[Problem statement]: Repeat, word for word and with nothing added, each line from the one containing "(L x W x H)" to the final line of the data, keeping both ends. Pictures are not part of the copy.

** Opening Material to process block **

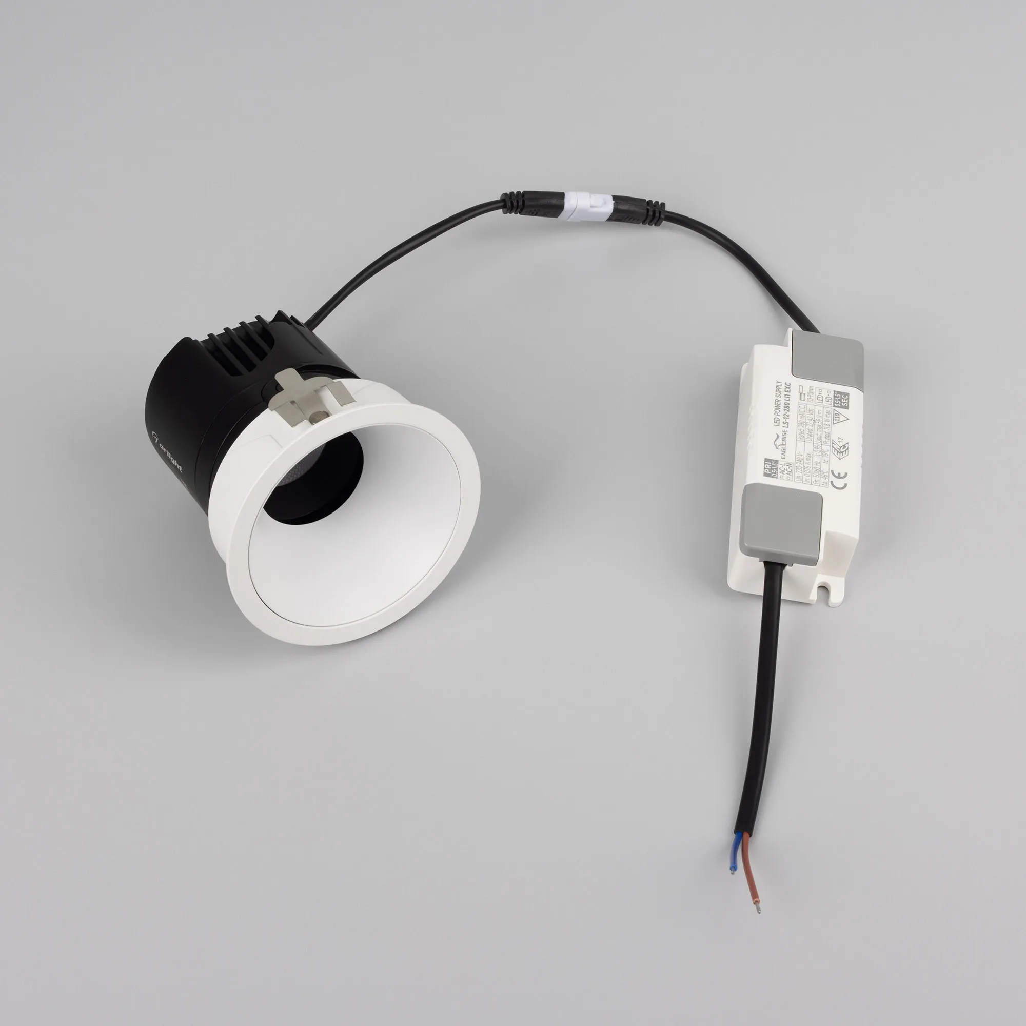 Встраиваемый светильник даунлайт. Мощность 12 Вт, св. поток 905 лм, 75 лм/Вт, теплый 3000 K, CRI>92, угол 24°, напряжение питания 230 В. Белый круглый корпус из алюминия, белый матовый отражатель, степень защиты IP20 . Размер: диаметр 82 мм, высота 86 мм. Монтаж встраиваемый, установочное отверстие: диаметр 75 мм. Драйвер 27-42 В, 280 мА, пульсация <0,5%.
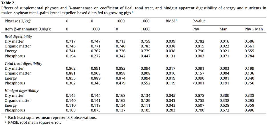 보충 β-mannanase는 건조 물질, 유기물 및 에너지의 CIAD를 0.035 ~ 0.038(P<0.05), 에너지의 CTTAD를 0.019(P<0.05) 증가시켰습니다.
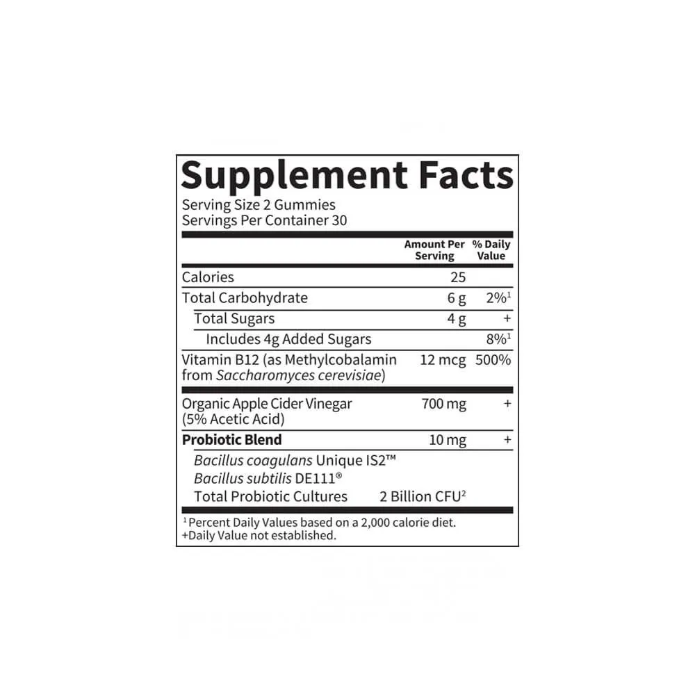 Enjoy the benefits of apple cider vinegar and support your digestive and immune health with these deliciously different gummies. Every serving of mykind Organics Apple Cider Vinegar Probiotic Gummies features a tasty green apple and strawberry flavor, provides 700mg of apple cider vinegar (including 5% acetic acid), and contains 2 billion CFU of probiotics Bacillus coagulans and Bacillus subtilus DE111, clinically studied strains to support digestive and immune health. This USDA-certified organic supplement is vegan, gluten-free, dairy-free, is non-GMO project verified, and uses no artificial flavors, sweeteners, colors or preservatives.
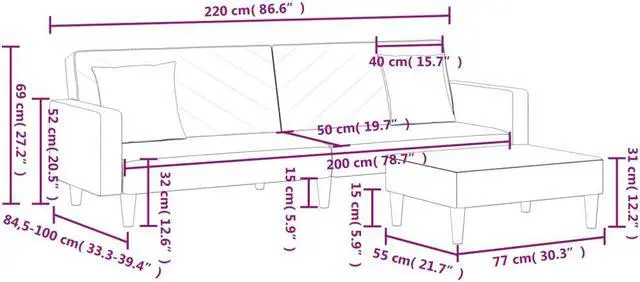 Overall dimensions: 86.6" x 39.4" x 20.5" (L x W x H)
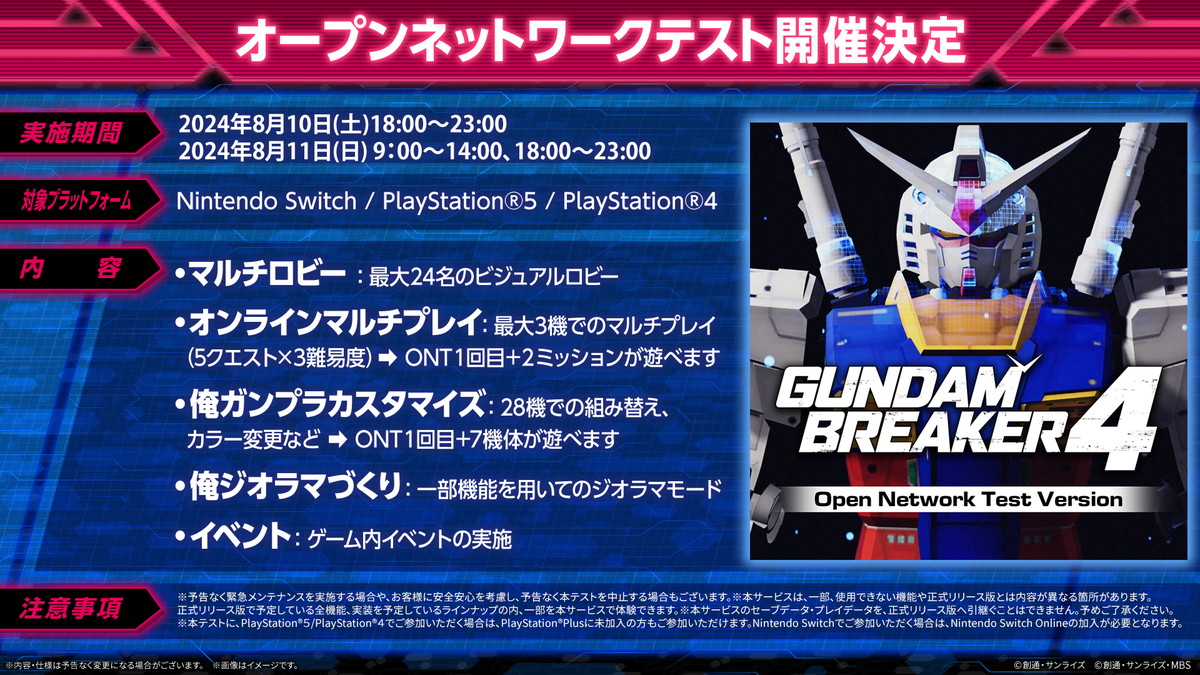 2024年8月10日18:00~23:00、8月11日9:00~14:00月1日 8:00~23:00に、第2回オープンネットワークテストを開催する。本ネットワークテストでは、『ガンダムブレイカー4』から追加した新モード「ジオラマモード」を一部機能を制限した状態で楽しめる。
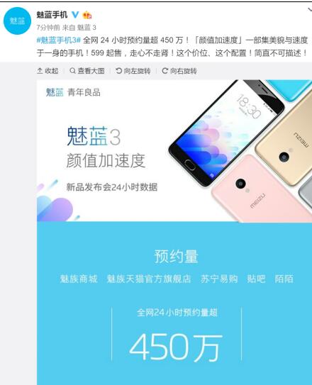 4月25日,魅族在北京国家会议中心正式发布了新一代青年良品,魅蓝3。在发布会结束后马上开启预约,其24小时全网预约量突破了450万台,目前,预

** Closing Material to process block **

[Exercise output]:
 Overall dimensions: 86.6" x 39.4" x 20.5" (L x W x H)
 2024年8月10日18:00~23:00、8月11日9:00~14:00月1日 8:00~23:00に、第2回オープンネットワークテストを開催する。本ネットワークテストでは、『ガンダムブレイカー4』から追加した新モード「ジオラマモード」を一部機能を制限した状態で楽しめる。
 4月25日,魅族在北京国家会议中心正式发布了新一代青年良品,魅蓝3。在发布会结束后马上开启预约,其24小时全网预约量突破了450万台,目前,预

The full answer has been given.